Canadian ice hockey player

Matt Keetley (born April 27, 1986) is a Canadian former professional ice hockey goaltender who played in one game for Calgary Flames of the National Hockey League (NHL) during the 2007–08 season. The rest of his career, which lasted from 2007 to 2013, was spent in the minor leagues.

==Personal life==
Born in Medicine Hat, Alberta, Keetley spent his early years living in Richmound, Saskatchewan where he grew up playing minor hockey with future Medicine Hat Tigers teammate Stefan Meyer. During his teenage years, Keetley's family moved back to Medicine Hat, the community that is still his off-season home.

==Playing career==
Keetley began his major junior career in 2003–04 with the Medicine Hat Tigers of the Western Hockey League (WHL). He initially began the season in the Alberta Midget Hockey League but took over as the starting goalie for the Tigers during the 2004 WHL playoffs, subsequently leading the club to a President's Cup championship. In Keetley's draft year, he led the WHL with a 1.66 goals against average and a .933 save percentage. He was then drafted in the fifth round of the 2005 NHL entry draft, 158th overall by the Calgary Flames.
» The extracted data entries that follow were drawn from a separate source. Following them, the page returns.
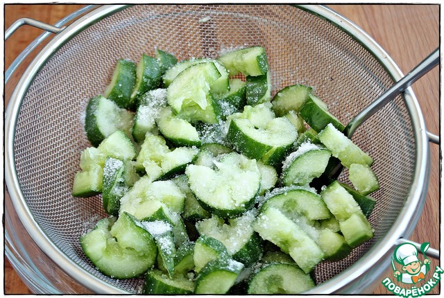 Потом взял мисочку, сверху установил дуршлаг, поместил туда останки несбывшихся надежд (огурцы), присыпал сахаром и солью, хорошо перемешал и отправил в холодильную камеру на полчаса...
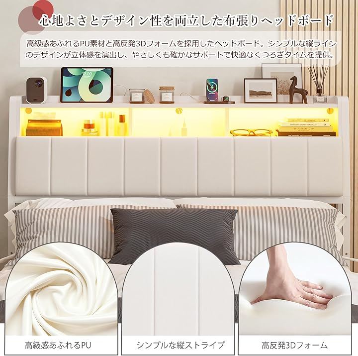 「心地よさとデザイン性を両立した高級感あふれるヘッドボード」高密度で適度な反発力を持つ3Dフォームが、背部をしっかり支えながらも、柔らかく包み込むような座り心地を実現。
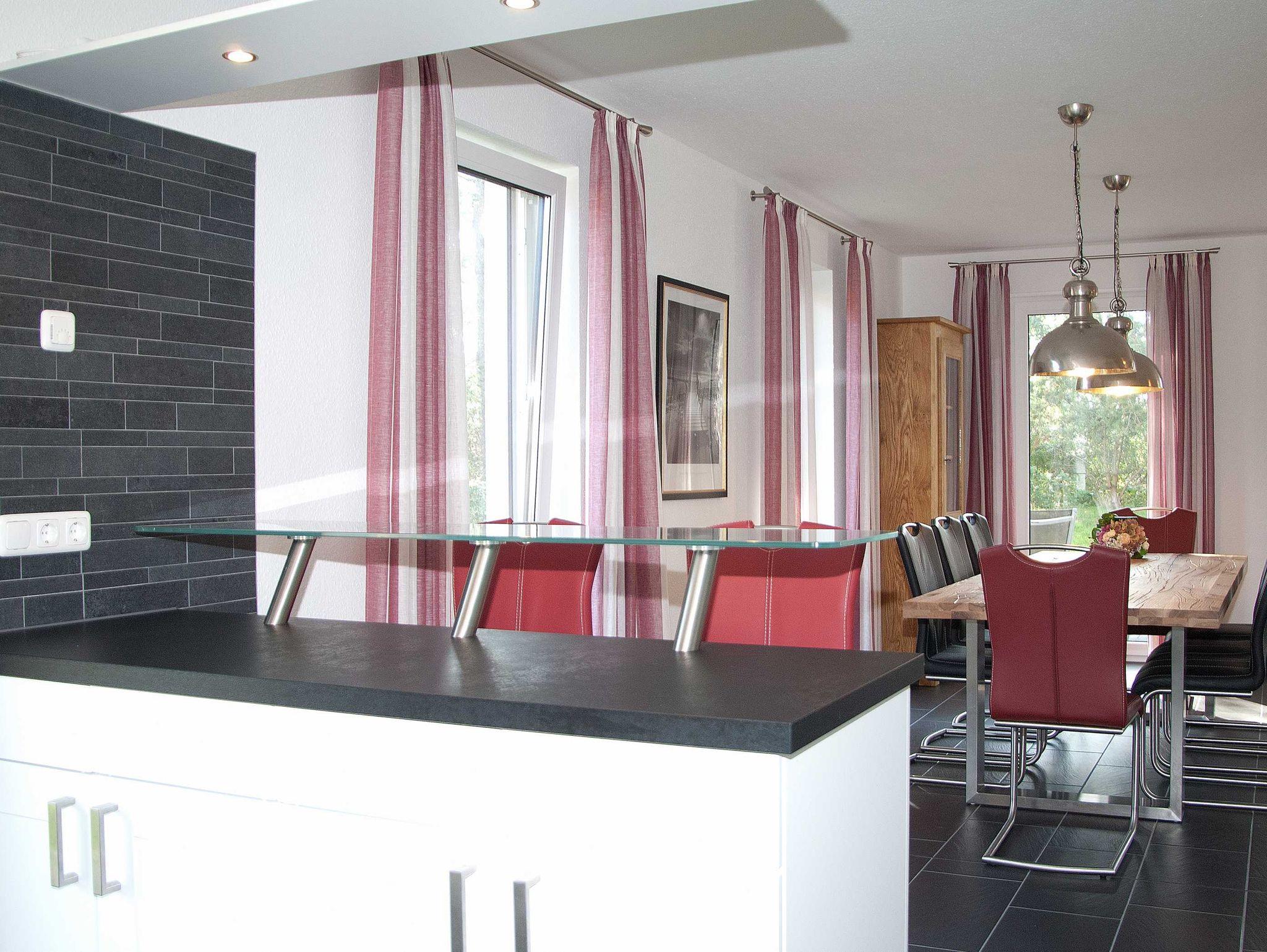 Im Wohnbereich werden Sie sich auch mal bei schlechtem Wetter sehr wohlfühlen. Die Einrichtung mit massiven Eichenmöbeln ist auf den gemütlichen Stil des Hauses abgestimmt.

Keetley returned to the WHL for two more seasons, putting together his most accomplished major junior campaign in 2006–07. In the regular season, Keetley led the league with 42 wins and was named to the WHL East First All-Star Team. In the playoffs, Keetley won the airBC Trophy as playoff MVP, leading the Tigers to their second WHL championship in four years. Advancing to the 2007 Memorial Cup, Keetley won the Hap Emms Memorial Trophy as the tournament's outstanding goaltender and was named to the Memorial Cup All-Star Team as the Tigers fell to tournament hosts and WHL runners-up, the Vancouver Giants.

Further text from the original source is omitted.